Required work: Nothing but an exact copy is asked for: the lines in the material below from the one with "开奖回来:第2026018期" through the one with "PDF และ JPG", pictures excluded.

Task input:
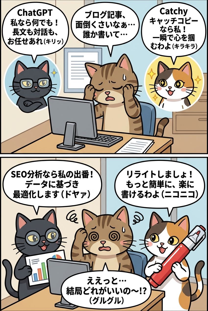AIにすべて任せるというよりも、下書きや構成案、発想補助として活用することで、効率よく質の高い記事制作が可能になります。
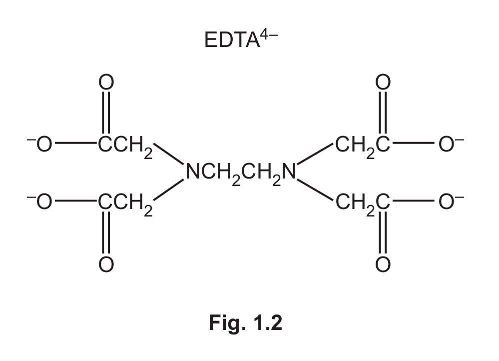 Circle on the structure of EDTA⁴⁻ in Fig. 1.2 the six atoms that form bonds with the metal ion.
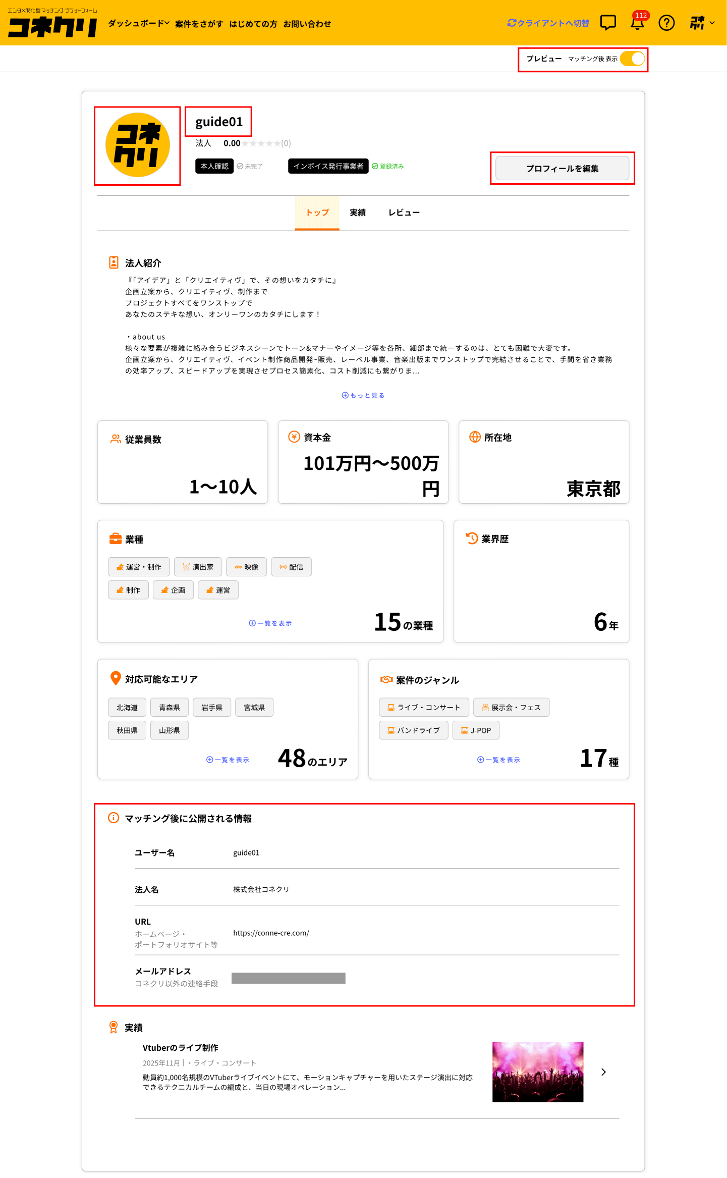 主催者、制作、スタッフ、クリエイターなど、エンターテイメント業界に関わる多彩な人材と、豊富な案件が集まるエンタメに特化したマッチングプラットフォームです。
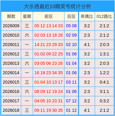 开奖回来:第2026018期大乐透开奖号码为:09、11、19、30、35+01、12。奇偶比为4:1,012路比为2:1:2。
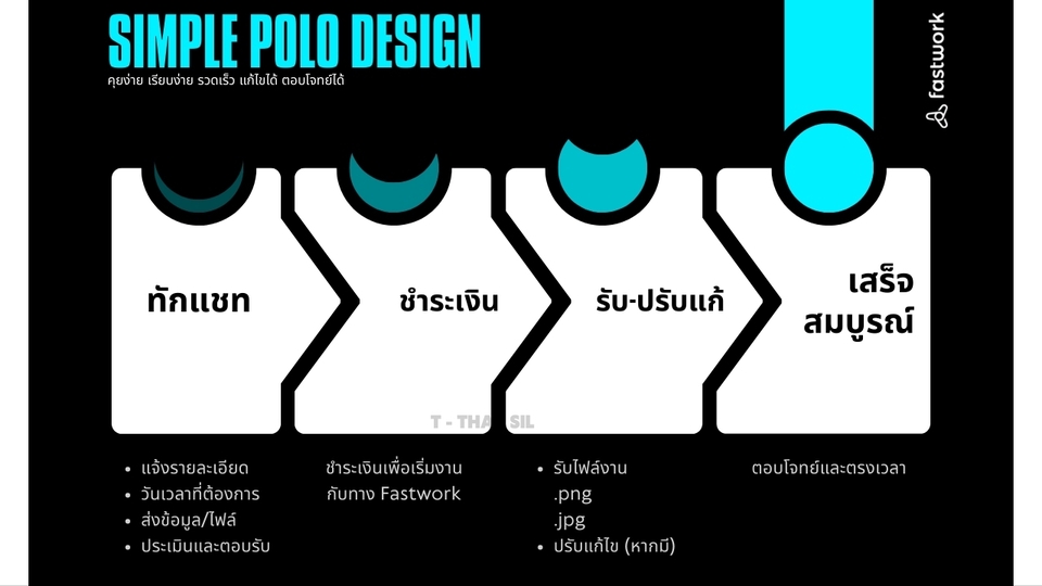 🔺เสื้อสำหรับองค์กร หน่วยงาน ชุดยูนิฟอร์มขององค์กรต่างๆ 🔺เสื้อที่ระลึก เสื้อทีมครอบครัว ในรูปแบบเสื้อโปโล ✴️ สามารถสอบถามได้โดยไม่มีค่าใช้จ่ายเพิ่มเติม ✴️ ขั้นตอนการทำงาน 1. พูดคุย และแจ้งรายละเอียดงานอย่างชัดเจน เช่น ดีไซน์, สีตัวเสื้อ, สีของสาบเสื้อ เป็นต้น 2. ลูกค้าส่งข้อมูลอ้างอิงให้กับฟรีแลนซ์ เช่น รูปภาพ (หากมีเพิ่มเติม) 3. ทางเราจะประเมินเวลาออกแบบ เงื่อนไข และสร้างใบเสนอราคาให้กับลูกค้า 4. ลูกค้ายืนยันการว่าจ้างออกแบบดังกล่าว และลูกค้าดำเนินการชำระเงินฝากไว้ในระบบ 5. เริ่มดำเนินงาน 1-3 วัน และแก้ไขงานตามข้อตกลงที่กำหนดไว้ 6. ผลงานสำเร็จในเวลาตามที่ตกลง และส่งผลงานให้ลูกค้าเป็นไฟล์ PNG , PDF และ JPG
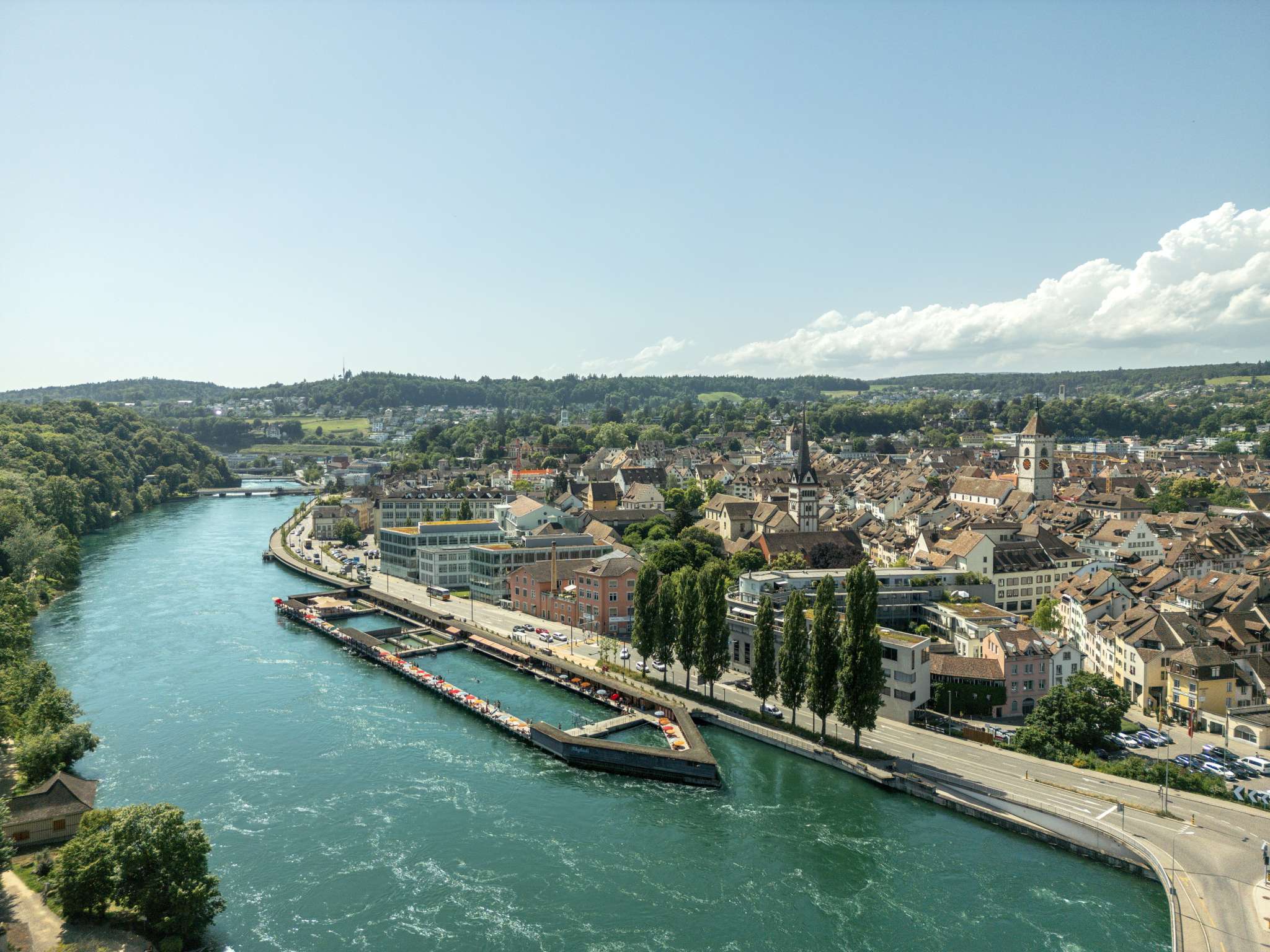 Historisches Flussbad mit Sprungbretter ca. 1 und 3 m hoch und verschiedenen Becken im Rheinwasser.

Reply:
 开奖回来:第2026018期大乐透开奖号码为:09、11、19、30、35+01、12。奇偶比为4:1,012路比为2:1:2。
 🔺เสื้อสำหรับองค์กร หน่วยงาน ชุดยูนิฟอร์มขององค์กรต่างๆ 🔺เสื้อที่ระลึก เสื้อทีมครอบครัว ในรูปแบบเสื้อโปโล ✴️ สามารถสอบถามได้โดยไม่มีค่าใช้จ่ายเพิ่มเติม ✴️ ขั้นตอนการทำงาน 1. พูดคุย และแจ้งรายละเอียดงานอย่างชัดเจน เช่น ดีไซน์, สีตัวเสื้อ, สีของสาบเสื้อ เป็นต้น 2. ลูกค้าส่งข้อมูลอ้างอิงให้กับฟรีแลนซ์ เช่น รูปภาพ (หากมีเพิ่มเติม) 3. ทางเราจะประเมินเวลาออกแบบ เงื่อนไข และสร้างใบเสนอราคาให้กับลูกค้า 4. ลูกค้ายืนยันการว่าจ้างออกแบบดังกล่าว และลูกค้าดำเนินการชำระเงินฝากไว้ในระบบ 5. เริ่มดำเนินงาน 1-3 วัน และแก้ไขงานตามข้อตกลงที่กำหนดไว้ 6. ผลงานสำเร็จในเวลาตามที่ตกลง และส่งผลงานให้ลูกค้าเป็นไฟล์ PNG , PDF และ JPG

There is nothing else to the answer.